_Collected data_.

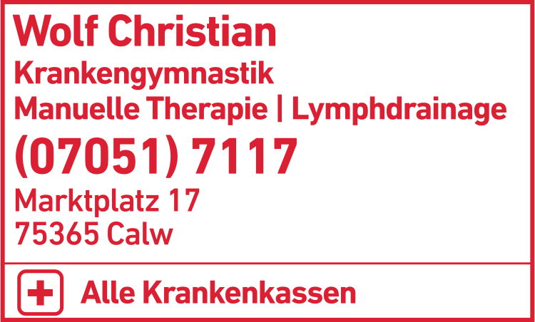 Wolf Christian Praxis für Krankengymnastik 07051 71 17 Calw Marktplatz 17 75365 5 5 1
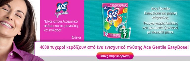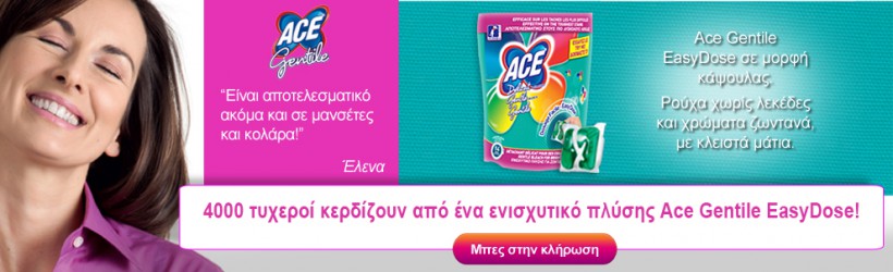 Το epithimies.gr διοργανώνει διαγωνισμό και δίνει τη δυνατότητα σε 4000 τυχερούς να κερδίσουν μία κανονική συσκευασία προϊόντος Ace Gentile EasyDose ενισχυτικό πλυσίματος της Procter & Gamble.
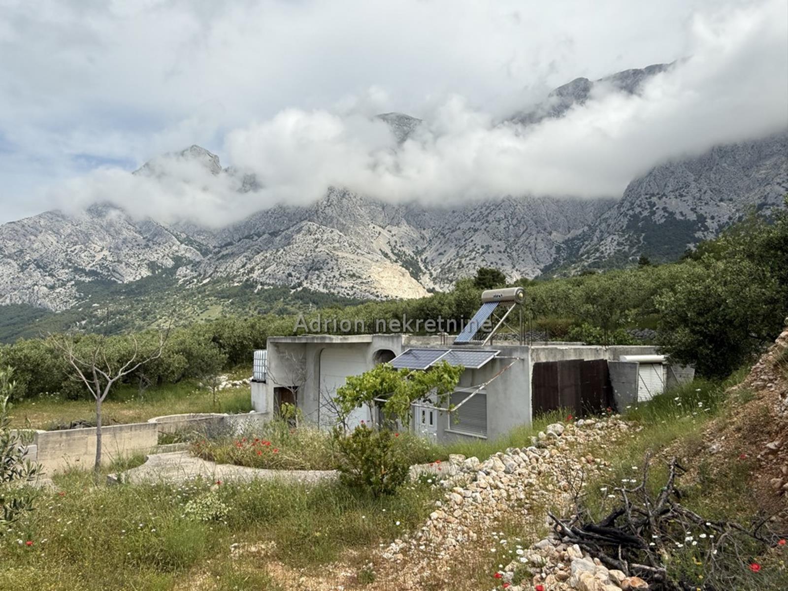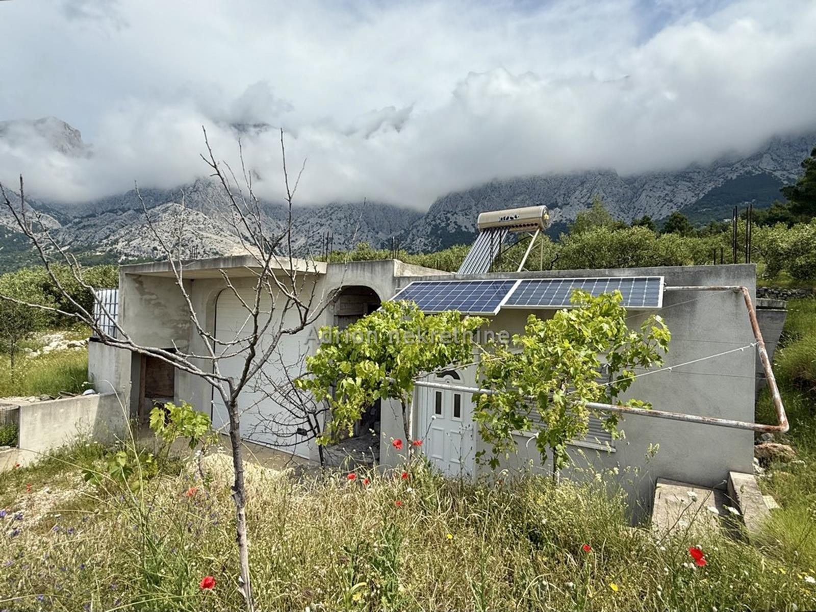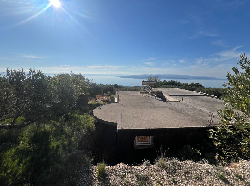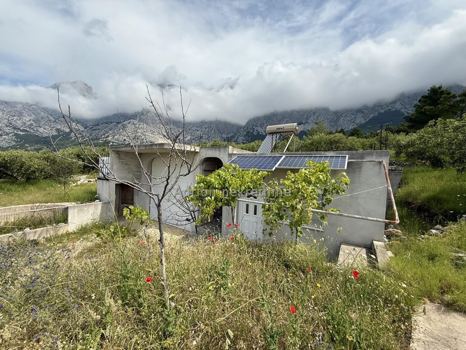 Prodaje se poljoprivredno zemljište u Bastu okvirne površine 1.054 m2, na kojem se nalazi nekoliko maslina i prizemna kuća koja se sastoji od garaže i jednog jednosobnog apartmana.
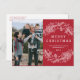 A festive holiday photo postcard with a bold wreath illustration. Photography © Storytree Studios, Stanford, CA

_Exercise details_.
The listing above must be retyped word for word, without the pictures.

_Written response_.
 Wolf Christian Praxis für Krankengymnastik 07051 71 17 Calw Marktplatz 17 75365 5 5 1
 Το epithimies.gr διοργανώνει διαγωνισμό και δίνει τη δυνατότητα σε 4000 τυχερούς να κερδίσουν μία κανονική συσκευασία προϊόντος Ace Gentile EasyDose ενισχυτικό πλυσίματος της Procter & Gamble.
 Prodaje se poljoprivredno zemljište u Bastu okvirne površine 1.054 m2, na kojem se nalazi nekoliko maslina i prizemna kuća koja se sastoji od garaže i jednog jednosobnog apartmana.
 A festive holiday photo postcard with a bold wreath illustration. Photography © Storytree Studios, Stanford, CA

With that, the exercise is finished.